House Bill Bans Government Employee File Sharing

 
 
By Roy Mark  |  Posted 2010-03-26 Email Print this article Print
 
 
 
 
 
 
 

The Secure Federal File Sharing Act bans recreational use of P2P software on all federal computers, computer systems and networks including those belonging to government contractors.

The U.S. House of Representatives approved legislation March 25 that would place greater restrictions on the use of open network P2P software on all federal computers.

The Secure Federal File Sharing Act (H.R. 4098) makes important progress toward banning the recreational use of P2P software on all federal computers, computer systems and networks including those belonging to government contractors. The bill would also require the OMB (Office of Management and Budget) to approve legitimate uses of P2P software on a case-by-case basis and provide to Congress annually a list of agencies that are using P2P software and the intended purposes for using the software. 

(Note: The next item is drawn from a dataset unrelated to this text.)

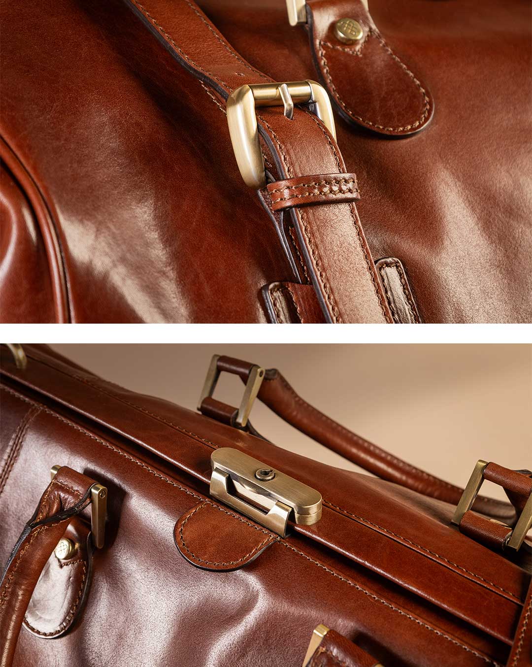 Diese unverwechselbare Gladstone Tasche aus Leder ist dank des außergewöhnlich luxuriösen Leders und der meisterhaften Handwerkskunst unserer erfahrenen italienischen Handwerker dafür gemacht, ein Leben lang zu begleiten. Wir verwenden ausschließlich das beste italienische Leder, das mit dem Gütesiegel des Lederkonsortiums ausgezeichnet wurde – ein Qualitätszertifikat, das weniger als 1,5% der italienischen Gerbereien erhalten. Unser Vachetta-Leder gehört zu den begehrtesten und renommiertesten der Welt, präsentiert in seiner reinsten Form, ohne künstliche Veränderungen. Unser Vollnarbenleder ist pflanzlich gegerbt und beeindruckt mit einer unverwechselbaren Patina, die sich mit der Zeit entwickelt und so eine ganz eigene Geschichte erzählt.

On March 4, the Oversight Committee passed H.R. 4098 and sent it to the House floor for a final vote. The bill now moves to the Senate.

"We can no longer ignore the threat to sensitive government information, businesses and consumers that insecure peer-to-peer networks pose," bill sponsor Rep. Ed Towns (D-NY), said in a statement. "Securing federal computer files is critical to our national security. Congress acted today to protect the American people by helping to prevent inadvertent security breaches on insecure networks."

In 2009, several security breaches involving highly sensitive information were discovered and in some cases widely reported by the news media. The leaks included a list of ongoing House Ethics Committee investigations, the wiring schematics for the "Marine One" helicopter that were downloaded in Iran and the release of sensitive information about U.S. military programs and troops.

"While I understand that peer-to-peer file sharing software offers great potential, the security risks of open network use on federal computers and systems far exceed that potential," said Towns.  "Because of our actions today, important safeguards are now in place to protect sensitive government information."